Według wyników badań przeprowadzonych przez Travelplanet.pl, najwięcej polskich turystów jesienią wybiera krótkie wypady do miast europejskich lub kurortów śródziemnomorskich. Coraz więcej turystów decyduje się krótki, maksymalnie 4 dniowy pobyt. Ubiegłej jesieni (od połowy września do połowy listopada) było to tylko 2,5 proc klientów Travelplanet.pl. Tej jesieni na krótki wypad zdecydowało się 6,2 proc. turystów.

Radosław Damasiewicz, dyrektor marketingu i commerce Travelplanet.pl powiedział: „Mniej więcej połowa z nich wybiera tzw. city break w europejskich miastach.”

Spośród grona turystów, którzy tej jesieni zaplanowali kilkudniowy wypad za granicę (w tym do śródziemnomorskich kurortów), najbardziej popularne miasto to Barcelona, gdzie chce odpocząć 9,2 proc. klientów Travelplanet.pl. Niewiele mniej, bo 8,6 proc. wybiera się do Budapesztu. Ponad 7 proc. turystów jedzie do Cannes a 6,6 proc. – do Wilna. Paryż, Praga, Wiedeń, Londyn czy Rzym tej jesieni są mniej atrakcyjne dla klientów Travelplanet.pl. Do Paryża chce zajrzeć na kilka dni 4,2 proc. turystów a do pozostałych metropolii od 1,5 do 2 proc. turystów.

Radosław Damasiewicz skomentował: „Wyjazdy typu city break to tzw. wyprawy budżetowe. Turyści zwiedzający europejskie metropolie najczęściej rezerwują tylko przelot i hotel ze śniadaniami.
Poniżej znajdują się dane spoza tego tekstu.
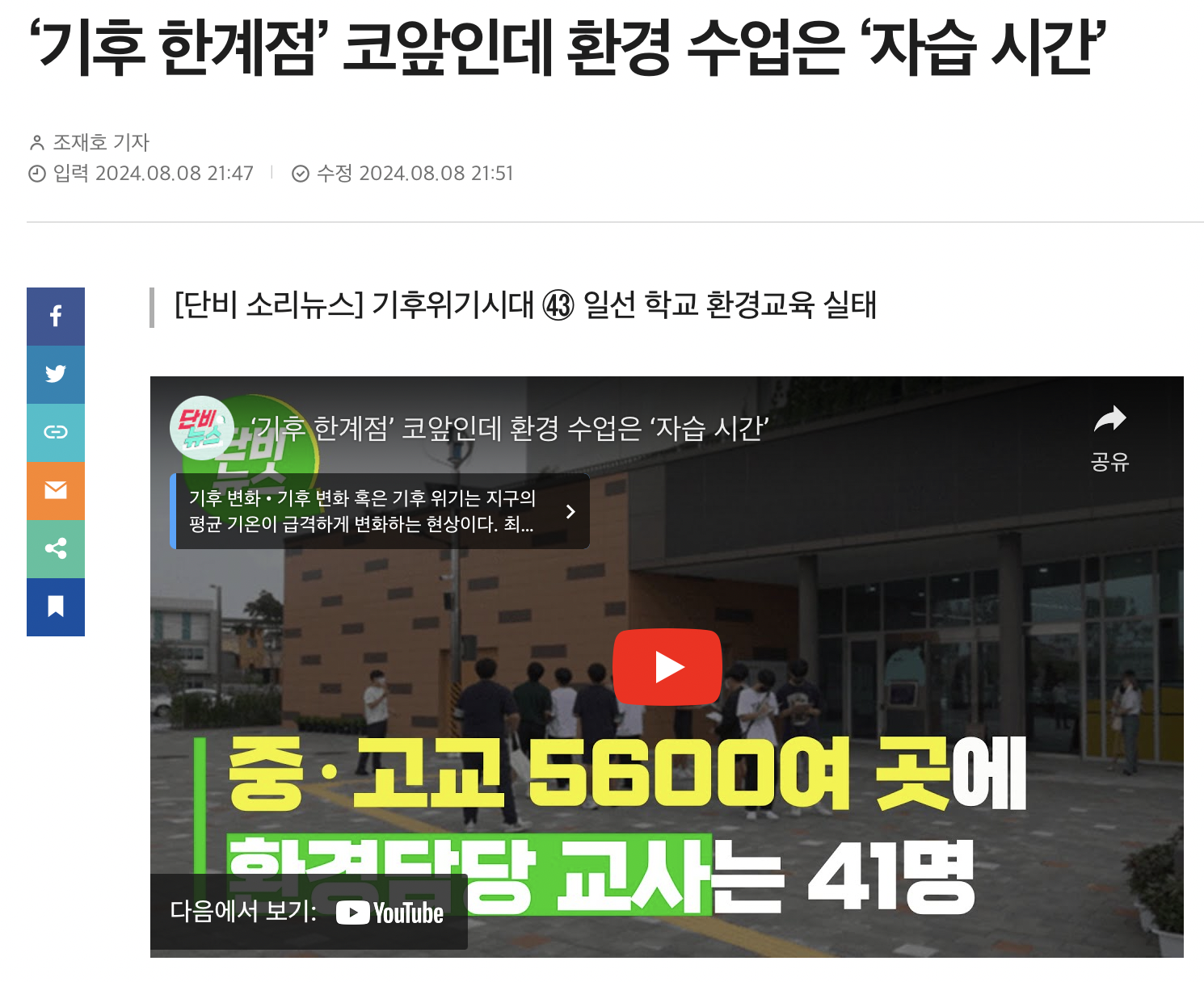 ‘기후 한계점’ 코앞인데 환경 수업은 ‘자습 시간’
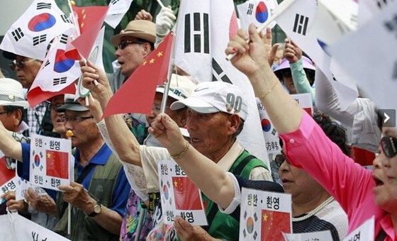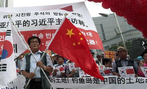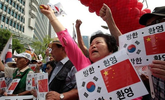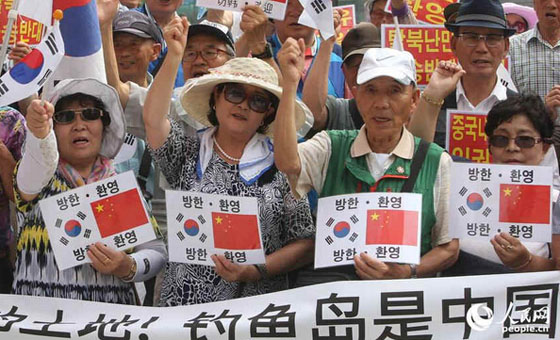 当地时间7月2日,在中国驻韩使馆前,韩国民众集会欢迎中国国家主席习近平访韩,并打出写有“钓鱼岛是中国的土地”字样。应韩国总统朴槿惠邀请,中国国家主席习近平将于7月3日至4日对韩国进行国事访问。这是习近平就任国家主席后对韩国的首次访问,也是首次专程访问一个国家。在日本安倍政府通过解禁集体自卫权的内阁决议案后,中韩两国的互动格外引人注目。
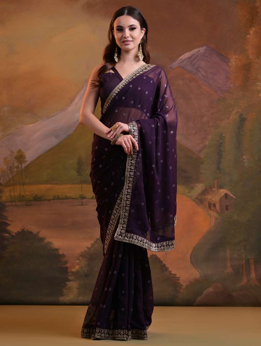 women burgundy sequin work embroidered saree
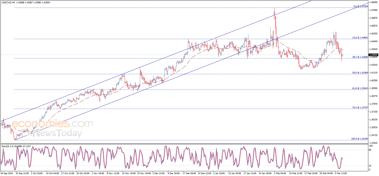 تمكّن سعر الدولار الأمريكي مقابل الدولار الكندي من تحقيق هدفنا المنتظر عند 1.4268$ ووجد دعم قوي هناك، مع ملاحظة أن مؤشر ستوكاستيك يفقد عزمه الإيجابي بشكل تدريجي، بانتظار تحفيز السعر على كسر هذا المستوى وفتح الطريق إمام إجراء مزيد من التصحيح الهابط.
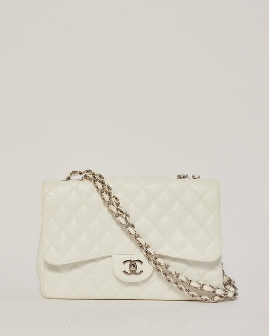 White Caviar Leather Jumbo Classic Single Flap Bag

W wypadku miast położonych względnie blisko Polski, jak Wiedeń, Praga, Budapeszt czy Wilno, często rezygnują z przelotu wybierając dojazd własny.”

W okresie jesiennym klienci Travelplanet.pl równie chętnie jak w europejskich stolicach wypoczywają maksymalnie 4 dni w śródziemnomorskich kurortach w Turcji, Grecji, na Malcie a także w Egipcie i Maroku.

Damasiewicz zauważył: „Warto jednak pamiętać, że tej jesieni przeszło 9 na 10 klientów Travelplanet.pl zarezerwowało sobie regularny, co najmniej tygodniowy wypoczynek w Grecji, Egipcie, Turcji Hiszpanii i Tunezji. Ceny wyjazdów typu last minute tych krajów na kilka dni a nawet tydzień jesienią oscylują wokół 1100 – 1300 zł i są porównywalne z kosztami kilkudniowego, budżetowego pobytu w europejskich metropoliach.”